My Spirituality 12/5/18

By Richard E. Bleil, Ph.D.

It’s probably to soon too talk about this, but I think today I am going to be particularly open with you. I invite you to take what you wish from this, but it will be an important piece for me personally.

I am not a religious man, but I am very spiritual. What I mean by that is that I do not belong to a church, but I do believe in God and have what I feel is a strong relationship with Her. With that start, I have a story to tell you.

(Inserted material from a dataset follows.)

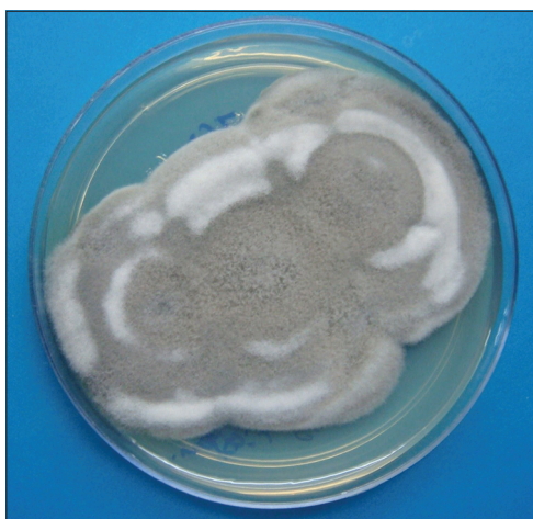
Figure 2: Obverse macroscopic colony morphology of Bipolaris australiensis on Sabouraud dextrose agar after 7 days of incubation at 25°C showed spreading, gray to brownish black, velvety texture colonies

My father was always a controlling man. The first time he allowed me to take a trip without my family was when I graduated from high school. My best friend (heading to the Air Force) and I (heading to college) took our one trip together, heading to Florida to visit his family. As we headed out for the first time, every so often I would spy birds, that I assumed to be eagles, circling overhead, slowly, deliberately, gracefully. I felt that it was a sign that God was keeping an eye on me and came to think of these majestic creatures as Her “angels”.

Fast forward to my first teaching position. As I’ve mentioned in a previous post, I suffer from depression. When I am feeling particularly “stuck”, I will often head out and find a place to feel close with God. For me, personally, this is often in a wooded area, and it’s strongest near a softly gurgling brook. Near my workplace was a park with a gorge. Through the millennia, a river carved the gorge out of the surrounding stone, creating a wooded hiking area with various heights. Walking along, I found that area that felt right. I sat on a stone, spoke with God, and sat back.

In the peace, a group of younger people passed in a path higher than mine. They didn’t mean any harm, and I cannot deny them their fun, but for where I was at at that moment, the noise was distracting. No, I didn’t pull the old man routine (“Hey you kids…get off my lawn!”), but neither could I feel comfortable. Until, well, I did. With them still enjoying themselves, I felt the strength to ignore them, and focus on the brook. I took this as a lesson that I can choose to focus on what I want regardless of my surroundings. That’s an important lesson I carry with me to this day.

Again, I sat back, when a shadowy flash passed over me. Then another. I looked up, and saw three eagles overhead, and again, felt the presence of God.

Okay, you can choose to interpret this as you like. Maybe it was just timing, maybe it was coincidence. Personally, I choose to believe it was more than that. You can laugh if you like; I know how to shift my focus. But, isn’t this the nature of faith?

Ultimately, I refuse to deny anybody their faith. Already, I’ve referred to God in the feminine. This has irritated many people. It’s astounding just how personally people take it when I don’t refer to God in the masculine, but isn’t God omnipotent? Maybe God is a man, maybe a woman, and maybe God is beyond gender. I choose to refer to God as feminine as my poor effort to level the playing field. Gender assignment is a purely human action. After all, who am I to tell God what gender to be? Or what name to have? Or how to run the universe? I don’t have to agree with your beliefs to respect them, and to respect you.

A group of neuroscientists have recently reported that they have isolated the portion of the brain that results in feelings of spirituality. This discovery has been interpreted as proof that there is no God, that it is all biology, physiology, chemistry. I accept that as a possibility, but personally, I choose to believe that my relationship with God is greater than that. Even today, when I see those birds, I feel God watching over me. Am I wrong? If I am wrong, how does it affect anybody but me?